Methods: We included randomized controlled trials that compared percutaneous revascularization in addition to medical therapy versus medical management alone in patients with RAS. Six trials with 1,208 patients were included.

Results: At a mean follow-up of 29 months, there was no change in systolic blood pressure (weighted mean difference [WMD] = 1.20 mm Hg, 95% CI -1.18 to 3.58 mm Hg) or diastolic blood pressure (WMD = -1.60 mm Hg, 95% CI -4.22 to 1.02 mm Hg) from baseline in the percutaneous revascularization arm compared with the medical management arm. There was a reduction in the mean number of antihypertensive medications (WMD = -0.26, 95% CI -0.39 to -0.13, P < .001), but not serum creatinine (WMD = -0.14 mg/dL, 95% CI -0.29 to 0.007 mg/dL), in the percutaneous revascularization arm at the end of follow-up.

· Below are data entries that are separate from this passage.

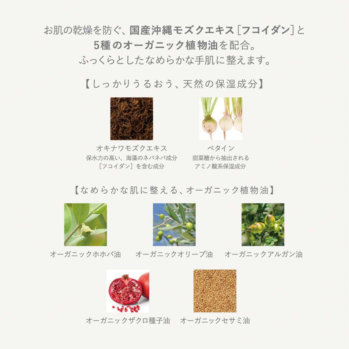 水、プロパンジオール、ホホバ種子油*、オリーブ果実油*、スクワラン、ヒマワリ種子油、水添ナタネ油アルコール、ステアリン酸、ペンチレングリコール、ベヘニルアルコール、パルミチン酸セチル、ベタイン、カプロイルプロリンNa、アルガニアスピノサ核油*ザクロ種子油*ゴマ油*グリチルリチン酸2K、オキナワモズクエキス、ミツロウ、ステアリン酸スクロース、ジステアリン酸スクロース、ミリスチン酸ポリグリセリル-10、キサンタンガム、トコフェロール、クスノキ木油、ユズ果皮油、ラベンダー花油、マンダリンオレンジ果皮油、ローマカミツレ花/葉/茎油、エンピツビャクシン油、アオモジ果実油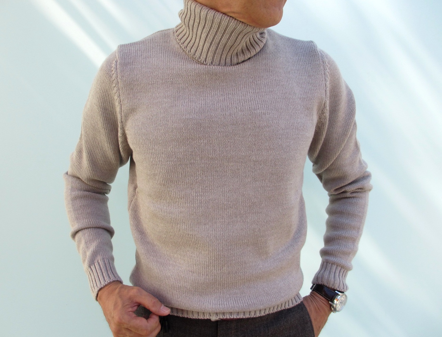 「KYOTO」と同じミドルゲージのタートルネック。木枯らしが吹く頃が出番でしょうか。寒がりな私にとっては、欠かせないアイテムの一つです。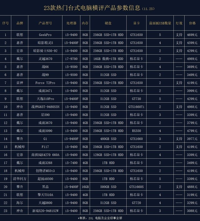 最终我们选择了23款台式电脑参与横评,产品详细信息如下:

Percutaneous revascularization was not associated with a significant difference in all-cause mortality (relative risk [RR] = 0.96, 95% CI 0.74-1.25), congestive heart failure (RR = 0.79, 95% CI 0.56-1.13), stroke (RR = 0.86, 95% CI 0.50-1.47), or worsening renal function (RR = 0.91, 95% CI 0.67-1.23) as compared with medical management.

Conclusions: In patients with RAS, percutaneous renal revascularization in addition to medical therapy may result in a lower requirement for antihypertensive medications, but not with improvements in serum creatinine or clinical outcomes, as compared with medical management over an intermediate period of follow-up. Further studies are needed to identify the appropriate patient population most likely to benefit from its use.